WORKING DATA:
::::::::::

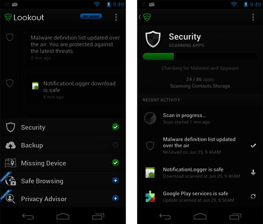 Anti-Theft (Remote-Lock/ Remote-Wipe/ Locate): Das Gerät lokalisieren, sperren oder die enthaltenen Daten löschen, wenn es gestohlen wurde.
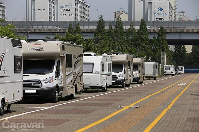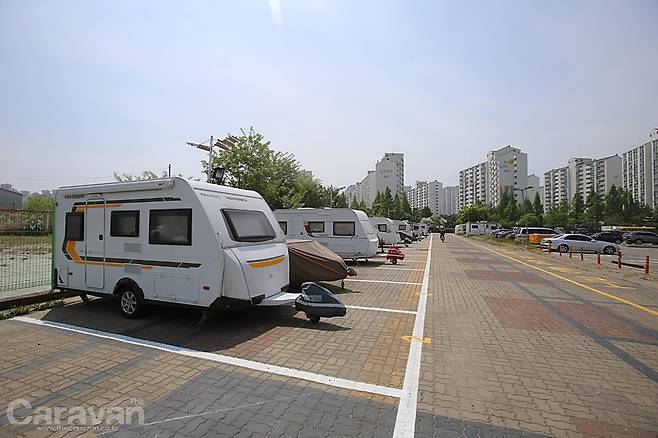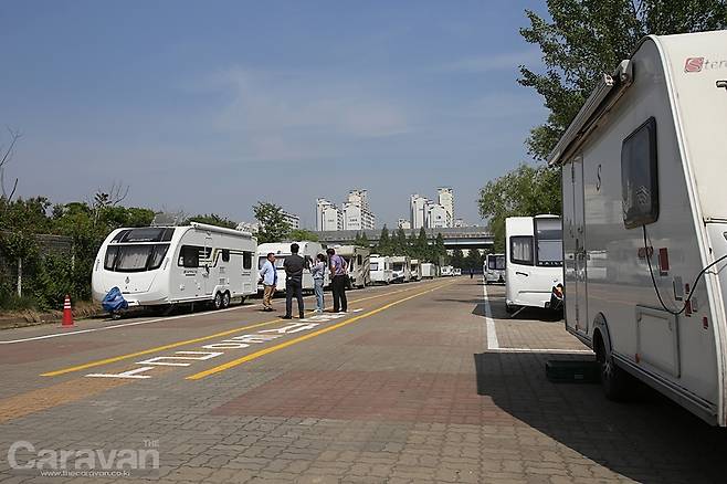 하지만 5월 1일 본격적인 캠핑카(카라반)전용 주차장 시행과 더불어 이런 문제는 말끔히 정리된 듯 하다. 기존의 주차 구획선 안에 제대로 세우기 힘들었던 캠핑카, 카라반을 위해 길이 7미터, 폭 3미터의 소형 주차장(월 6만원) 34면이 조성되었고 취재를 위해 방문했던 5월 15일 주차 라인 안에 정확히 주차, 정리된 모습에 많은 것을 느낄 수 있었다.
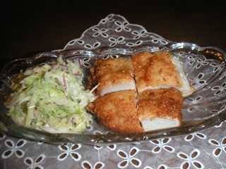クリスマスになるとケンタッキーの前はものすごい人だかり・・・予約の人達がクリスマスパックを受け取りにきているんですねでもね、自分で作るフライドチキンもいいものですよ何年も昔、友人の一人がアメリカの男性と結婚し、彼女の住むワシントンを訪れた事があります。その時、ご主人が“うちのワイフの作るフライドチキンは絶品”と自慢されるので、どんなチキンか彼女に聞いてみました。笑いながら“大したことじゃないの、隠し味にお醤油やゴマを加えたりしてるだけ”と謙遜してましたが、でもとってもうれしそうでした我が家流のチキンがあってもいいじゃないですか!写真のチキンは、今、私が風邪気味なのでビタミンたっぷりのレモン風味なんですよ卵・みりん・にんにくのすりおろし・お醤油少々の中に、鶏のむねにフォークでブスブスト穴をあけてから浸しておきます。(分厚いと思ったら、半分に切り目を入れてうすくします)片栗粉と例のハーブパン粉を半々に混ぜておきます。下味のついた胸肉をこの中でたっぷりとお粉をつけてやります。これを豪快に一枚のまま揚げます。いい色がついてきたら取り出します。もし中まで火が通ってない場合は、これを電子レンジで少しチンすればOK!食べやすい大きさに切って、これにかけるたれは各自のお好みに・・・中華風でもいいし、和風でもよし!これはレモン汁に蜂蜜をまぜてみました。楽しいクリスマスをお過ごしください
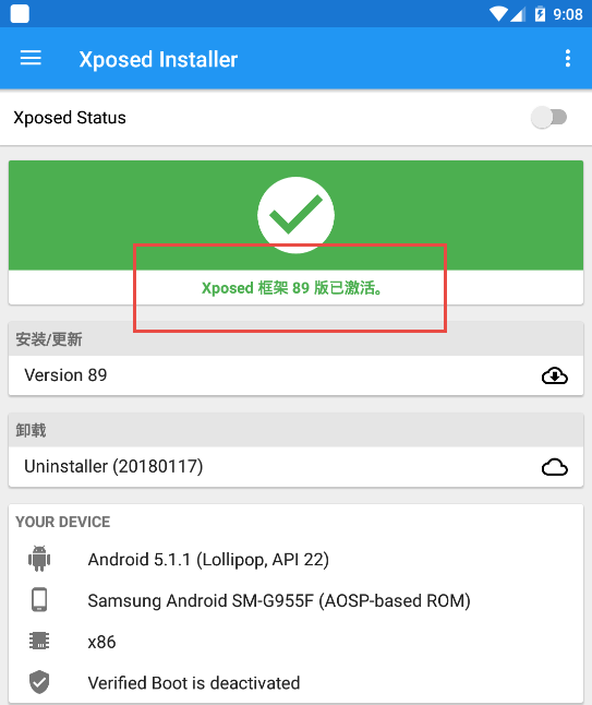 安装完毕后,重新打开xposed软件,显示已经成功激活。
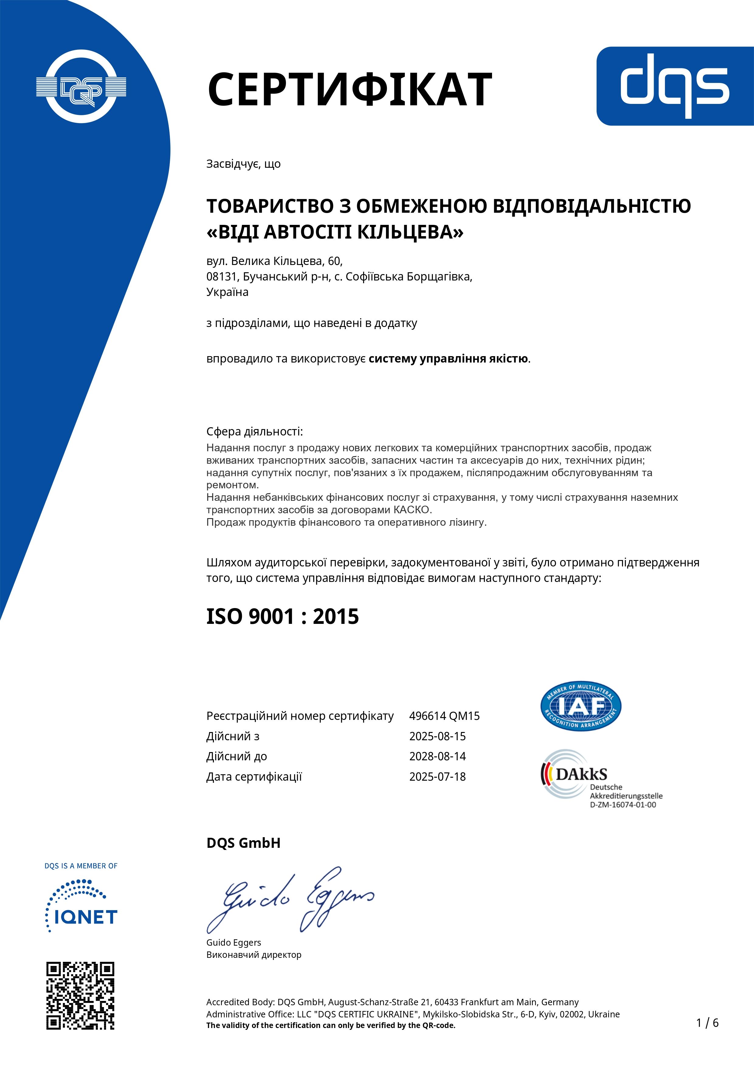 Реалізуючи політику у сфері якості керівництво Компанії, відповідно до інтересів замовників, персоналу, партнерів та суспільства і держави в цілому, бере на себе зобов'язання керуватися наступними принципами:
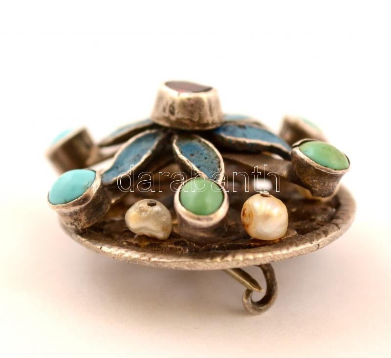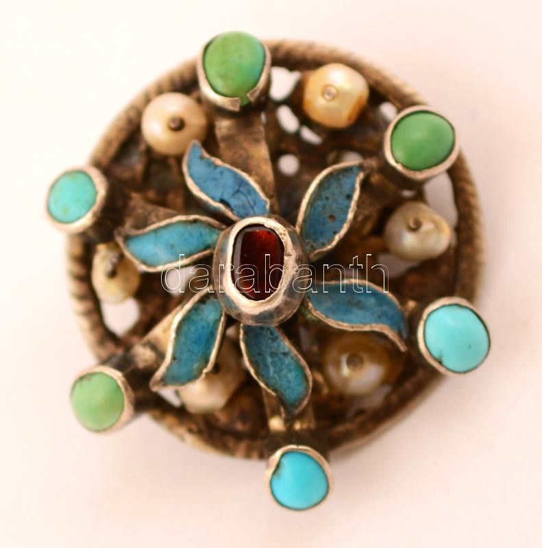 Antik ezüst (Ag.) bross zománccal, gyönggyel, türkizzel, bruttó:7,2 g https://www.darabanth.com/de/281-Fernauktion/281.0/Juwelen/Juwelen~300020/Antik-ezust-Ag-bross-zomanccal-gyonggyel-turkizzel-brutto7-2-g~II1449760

::::::::::

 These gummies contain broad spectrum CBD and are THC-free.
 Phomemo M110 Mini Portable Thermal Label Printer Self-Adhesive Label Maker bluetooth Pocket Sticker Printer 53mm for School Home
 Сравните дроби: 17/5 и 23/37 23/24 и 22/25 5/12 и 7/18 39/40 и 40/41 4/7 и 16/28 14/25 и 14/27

::::::::::

PROBLEM DETAILS:
From the records above, extract exactly and only the lines that begin at the line with "These gummies contain" and stop after the line with "Сравните дроби: 17/5".

OUTPUT:
 These gummies contain broad spectrum CBD and are THC-free.
 Phomemo M110 Mini Portable Thermal Label Printer Self-Adhesive Label Maker bluetooth Pocket Sticker Printer 53mm for School Home
 Сравните дроби: 17/5 и 23/37 23/24 и 22/25 5/12 и 7/18 39/40 и 40/41 4/7 и 16/28 14/25 и 14/27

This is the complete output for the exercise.